*** DATASET CONTENT Section Begins ***

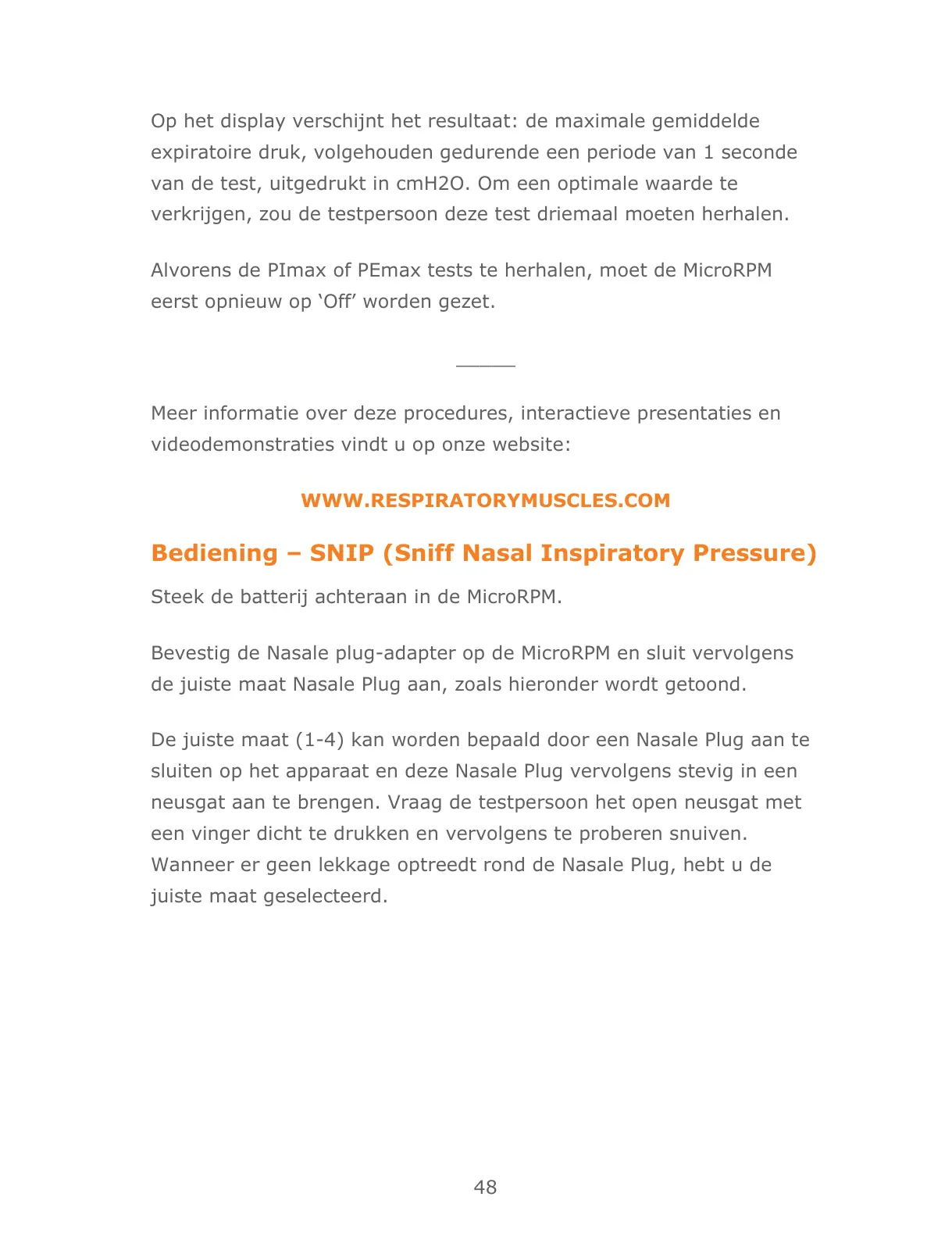 Bediening – SNIP (Sniff Nasal Inspiratory Pressure)
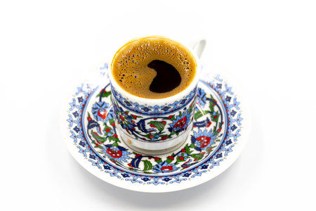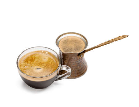 Turkish coffee isolated on white background. Traditional Turkish cuisine flavor. close up
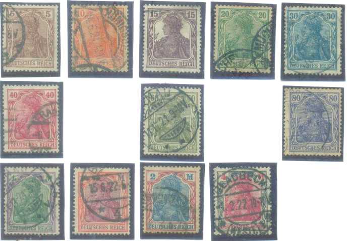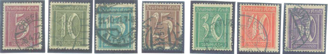 | 55893 | Reich, Mi-159/164, Cifras, carimbados (21,5 €) | 16,00 | Foto |
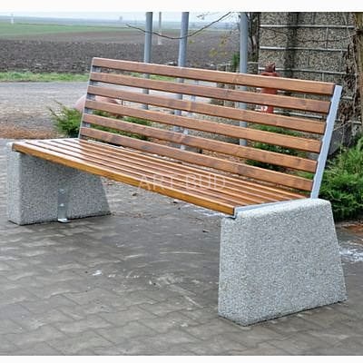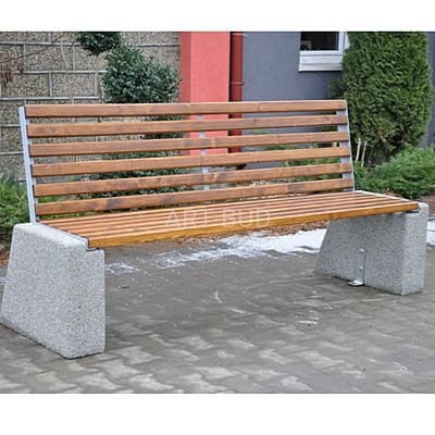Ławka parkowa trapezowa z oparciem podstawa z betonu płukanego siedzisko i oparcie drewniane
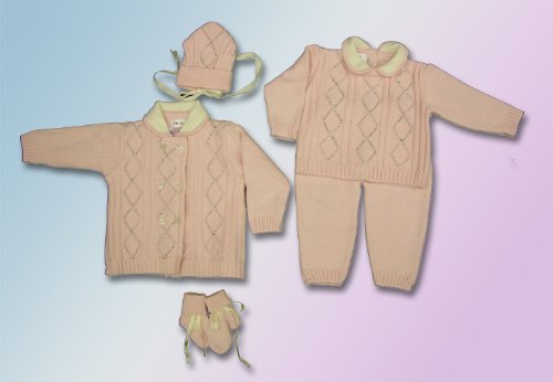 This sweater set consists of a coat, sweater, pant, bonnet, and booties. A matching blanket is available for an extra charge of .00 Shop for this exciting new fall arrival while sizings are still available. We have it in sizes ranging from size 3 months to 24 months.The set consists of a coat, sweater, Pant, Bonnet, and Booties. You could also add on the blanket for .00 more.
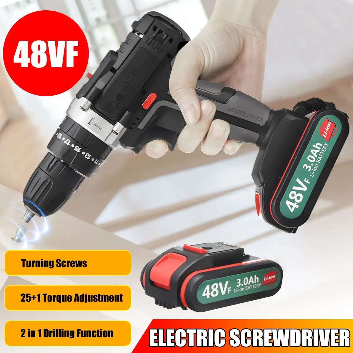 48VF 3000 мАч шуруповерт электрический шуруповерт беспроводной дрель профессиональные электроинструменты ручная дрель с зарядным аккумулятором
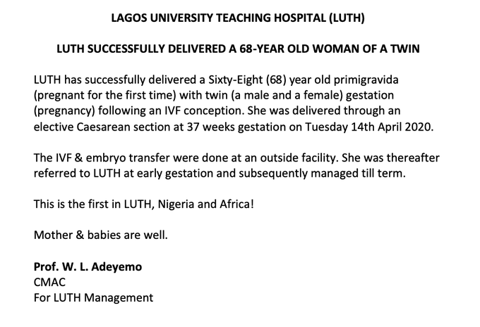 Adeyamo said, “LUTH has successfully delivered a sixty-eight (68) year old primigravida (pregnant for the first time) with twin (a male and a female) gestation (pregnancy) following an IVF conception. She was delivered through an elective caesarean section at 37 weeks gestation on Tuesday April 14, 2020.”
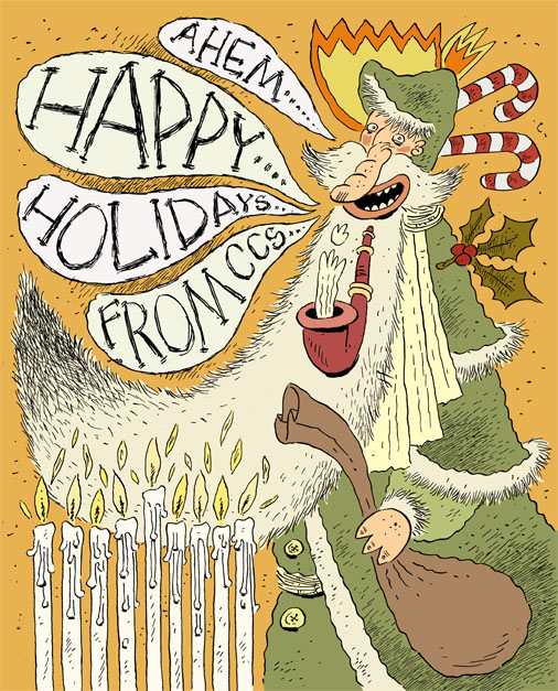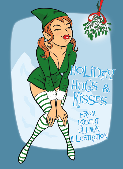 Here’re a few that arrived via email. Starting from the top, the first is from the Center for Cartoon Studies, drawn by Chris Wright; then, the unmistakable babe-atude of Rob Ullman, and finally J. Chris Campbell’s card/ornament:
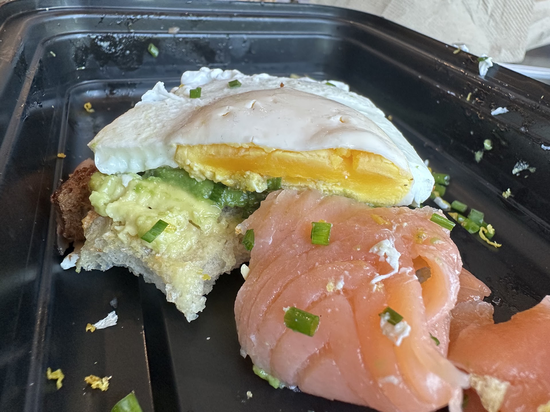 Quality was on par with a cruise ship buffet; The bacon-less BEC was remedied with a huff and two strips of bacon that had been sitting in a warmer, but despite our requests for “over easy” eggs, both of us got cold eggs that clearly hadn’t been cooked within the most recent hour. Despite never being asked if we would be dining in, our food arrived in to-go disposable Tupperware, which further cheapened the experience, especially when compared to the myriad photos online that flaunt fresh and well-plated entrees.
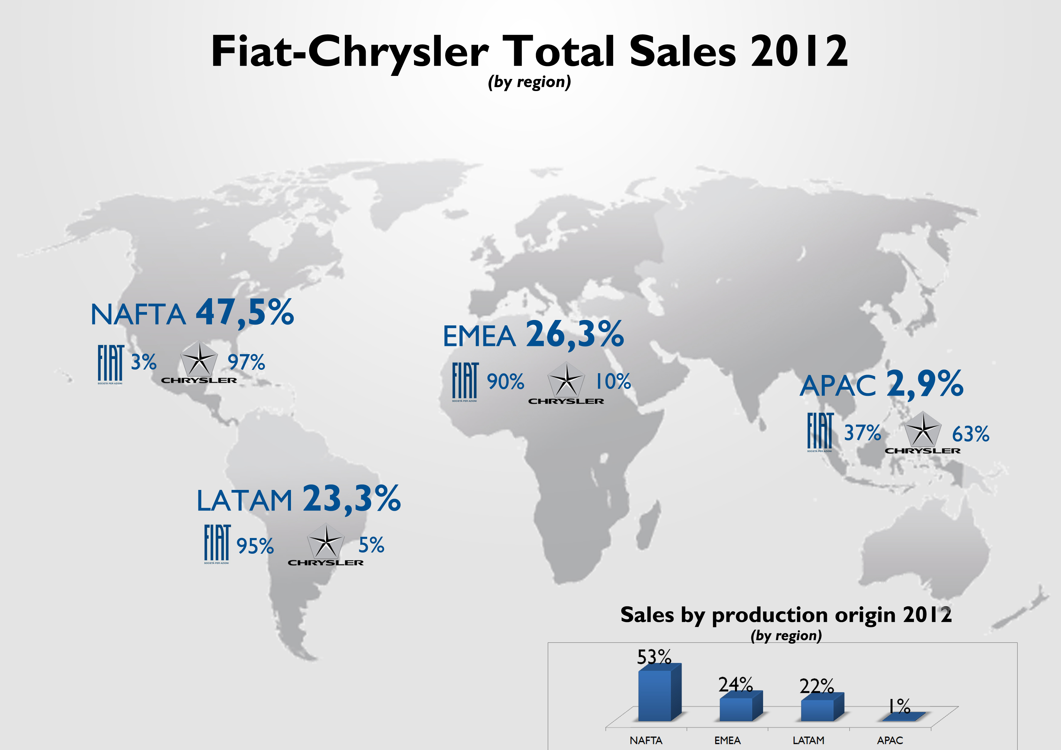 * based on the collected data from several sources. ** Includes Fiat Professional and Abarth sales. Fiat-Chrysler's official report for 2012 results indicates that the company sold more than 4,2 million units in 2012. Fiat brand counts for a big part of the sales and is ahead of any other Chrysler brand. Nevertheless the sales are mostly concentrated in North America. Asia-Pacific is still a very small market for the group. Source: see at the bottom of this post.

*** DATASET CONTENT Section Ends ***

**ACTIVITY:**
Your reply should restate every entry exactly, with the pictures left out.

**EXERCISE ANSWER:**
 Bediening – SNIP (Sniff Nasal Inspiratory Pressure)
 Turkish coffee isolated on white background. Traditional Turkish cuisine flavor. close up
 | 55893 | Reich, Mi-159/164, Cifras, carimbados (21,5 €) | 16,00 | Foto |
Ławka parkowa trapezowa z oparciem podstawa z betonu płukanego siedzisko i oparcie drewniane
 This sweater set consists of a coat, sweater, pant, bonnet, and booties. A matching blanket is available for an extra charge of .00 Shop for this exciting new fall arrival while sizings are still available. We have it in sizes ranging from size 3 months to 24 months.The set consists of a coat, sweater, Pant, Bonnet, and Booties. You could also add on the blanket for .00 more.
 48VF 3000 мАч шуруповерт электрический шуруповерт беспроводной дрель профессиональные электроинструменты ручная дрель с зарядным аккумулятором
 Adeyamo said, “LUTH has successfully delivered a sixty-eight (68) year old primigravida (pregnant for the first time) with twin (a male and a female) gestation (pregnancy) following an IVF conception. She was delivered through an elective caesarean section at 37 weeks gestation on Tuesday April 14, 2020.”
 Here’re a few that arrived via email. Starting from the top, the first is from the Center for Cartoon Studies, drawn by Chris Wright; then, the unmistakable babe-atude of Rob Ullman, and finally J. Chris Campbell’s card/ornament:
 Quality was on par with a cruise ship buffet; The bacon-less BEC was remedied with a huff and two strips of bacon that had been sitting in a warmer, but despite our requests for “over easy” eggs, both of us got cold eggs that clearly hadn’t been cooked within the most recent hour. Despite never being asked if we would be dining in, our food arrived in to-go disposable Tupperware, which further cheapened the experience, especially when compared to the myriad photos online that flaunt fresh and well-plated entrees.
 * based on the collected data from several sources. ** Includes Fiat Professional and Abarth sales. Fiat-Chrysler's official report for 2012 results indicates that the company sold more than 4,2 million units in 2012. Fiat brand counts for a big part of the sales and is ahead of any other Chrysler brand. Nevertheless the sales are mostly concentrated in North America. Asia-Pacific is still a very small market for the group. Source: see at the bottom of this post.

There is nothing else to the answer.